Ease of post-setup modification / advanced installation. Many of the FlashCache device parameters can be easily modified by echoing the desired value to the appropriate sysctl setting; with vCache, there is a command-line binary which can modify many of the same parameters, but doing so requires a cache flush, detach, and reattach. Winner: FlashCache.

Operational Flexibility: Both solutions share many features here; both of them allow whitelisting and blacklisting of PIDs or simply running in a “cache everything” mode. Both of them have support for not caching sequential IO, adjusting the dirty page threshold, flushing the cache on demand, or having a time-based cache flushing mechanism, but some of these features operate differently with vCache than with FlashCache. For example, when doing a manual cache flush with vCache, this is a blocking operation. With FlashCache, echoing “1″ to the do_sync sysctl of the cache device triggers a cache flush, but it happens in the background, and while countdown messages are written to syslog as the operation proceeds, the device never reports that it’s actually finished. I think both kinds of flushing are useful in different situations, and I’d like to see a non-blocking background flush in vCache, but if I had to choose one or the other, I’ll take blocking and modal over fire-and-forget any day. FlashCache does have the nice ability to switch between FIFO and LRU for its flushing algorithm; vCache does not. This is something that could prove useful in certain situations. Winner: FlashCache.

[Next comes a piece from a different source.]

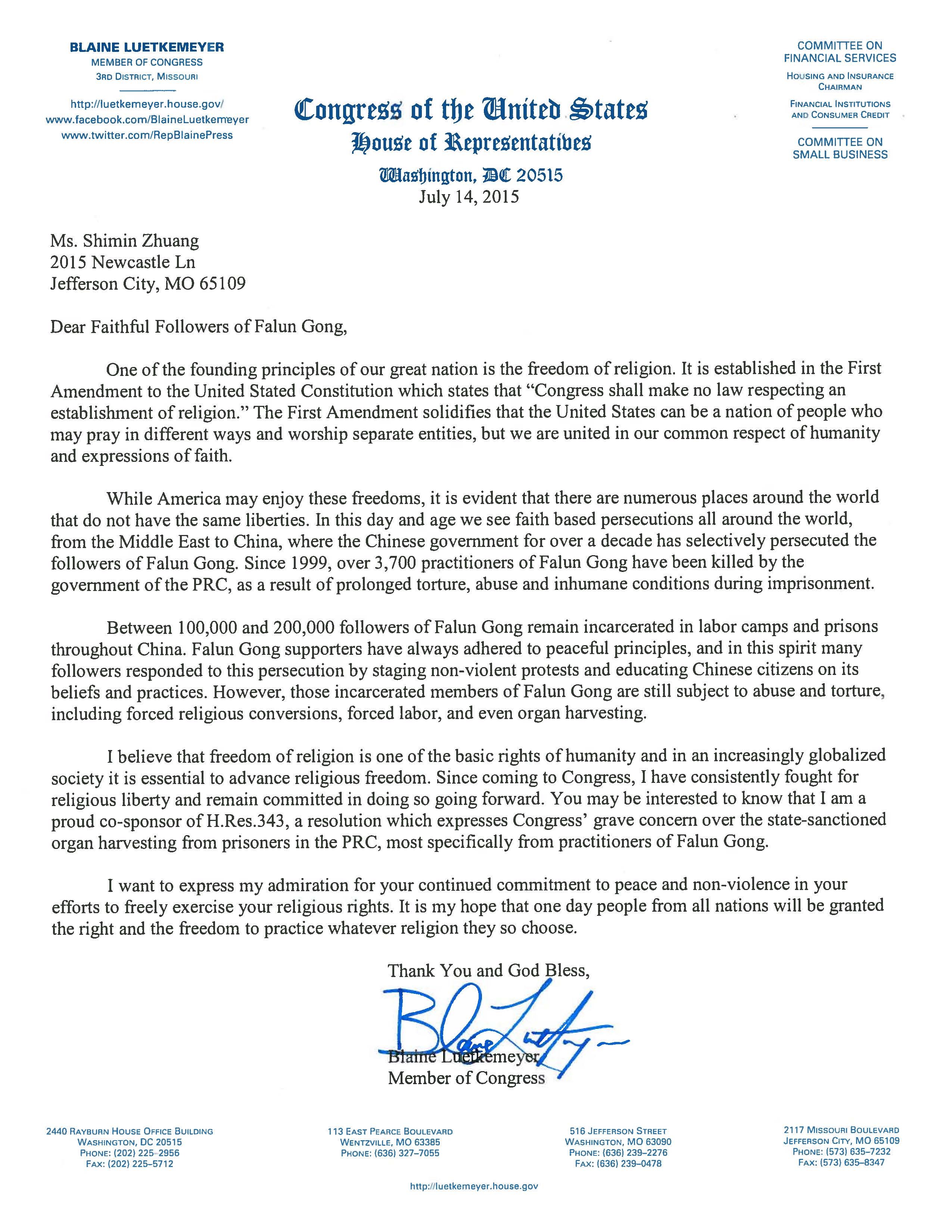 美国国会议员颁褒奖致信声援图为Blaine Luetkemeyer 表彰信函

Operational Monitoring: Both solutions offer plenty of statistics; the main difference is that FlashCache stats can be pulled from /proc but vCache stats have to be retrieved by running the vgc-vcache-monitor command. Personally, I prefer “cat /proc/something” but I’m not sure that’s sufficient to award this category to FlashCache. Winner: None.

Time-based Flushing: This wouldn’t seem like it should be a separate category, but because the behavior seems to be so different between the two cache solutions, I’m listing it here. The vCache manual indicates that “flush period” specifies the time after which dirty blocks will be written to the backing store, whereas FlashCache has a setting called “fallow_delay”, defined in the documentation as the time period before “idle” dirty blocks are cleaned from the cache device. It is not entirely clear whether or not these mechanisms operate in the same fashion, but based on the documentation, it appears that they do not. I find the vCache implementation more useful than the one present in FlashCache. Winner: vCache.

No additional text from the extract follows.